GIVEN MATERIAL
=== Begin Enclosure ===

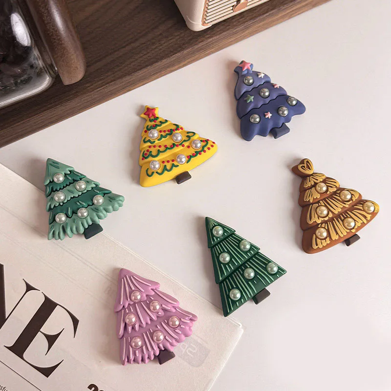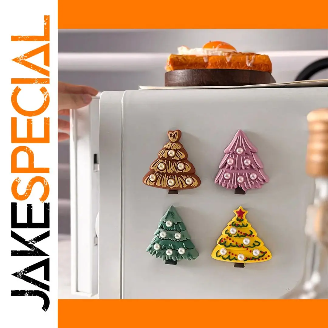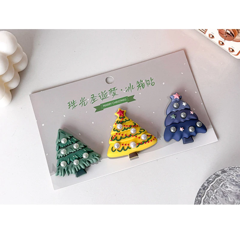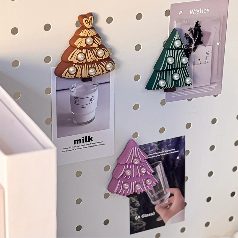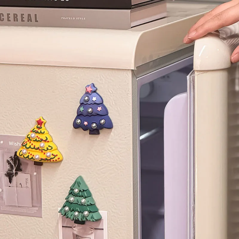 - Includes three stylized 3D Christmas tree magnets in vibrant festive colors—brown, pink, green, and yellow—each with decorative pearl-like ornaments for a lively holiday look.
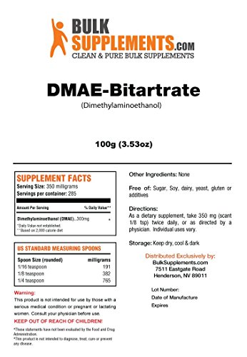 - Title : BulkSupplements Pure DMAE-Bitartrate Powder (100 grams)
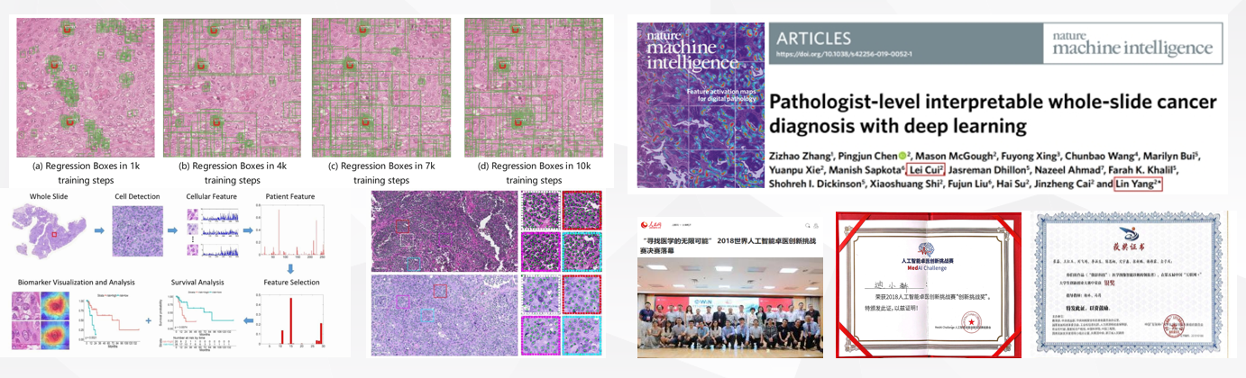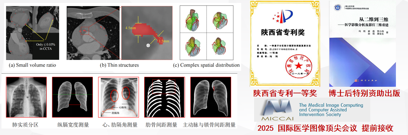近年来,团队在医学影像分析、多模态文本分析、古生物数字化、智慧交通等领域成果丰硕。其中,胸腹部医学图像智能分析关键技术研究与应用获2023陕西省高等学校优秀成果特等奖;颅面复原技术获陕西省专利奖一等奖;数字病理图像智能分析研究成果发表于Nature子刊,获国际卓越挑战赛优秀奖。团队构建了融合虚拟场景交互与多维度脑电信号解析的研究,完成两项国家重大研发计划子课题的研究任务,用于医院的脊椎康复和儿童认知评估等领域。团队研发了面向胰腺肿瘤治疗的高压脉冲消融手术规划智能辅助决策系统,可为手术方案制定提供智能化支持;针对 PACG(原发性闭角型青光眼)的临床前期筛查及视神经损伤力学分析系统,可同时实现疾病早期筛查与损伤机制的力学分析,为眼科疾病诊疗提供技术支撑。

=== End Enclosure ===

REQUIRED ACTION
The copy should match each line above exactly and contain no images.

EXERCISE RESPONSE
 - Includes three stylized 3D Christmas tree magnets in vibrant festive colors—brown, pink, green, and yellow—each with decorative pearl-like ornaments for a lively holiday look.
 - Title : BulkSupplements Pure DMAE-Bitartrate Powder (100 grams)
近年来,团队在医学影像分析、多模态文本分析、古生物数字化、智慧交通等领域成果丰硕。其中,胸腹部医学图像智能分析关键技术研究与应用获2023陕西省高等学校优秀成果特等奖;颅面复原技术获陕西省专利奖一等奖;数字病理图像智能分析研究成果发表于Nature子刊,获国际卓越挑战赛优秀奖。团队构建了融合虚拟场景交互与多维度脑电信号解析的研究,完成两项国家重大研发计划子课题的研究任务,用于医院的脊椎康复和儿童认知评估等领域。团队研发了面向胰腺肿瘤治疗的高压脉冲消融手术规划智能辅助决策系统,可为手术方案制定提供智能化支持;针对 PACG(原发性闭角型青光眼)的临床前期筛查及视神经损伤力学分析系统,可同时实现疾病早期筛查与损伤机制的力学分析,为眼科疾病诊疗提供技术支撑。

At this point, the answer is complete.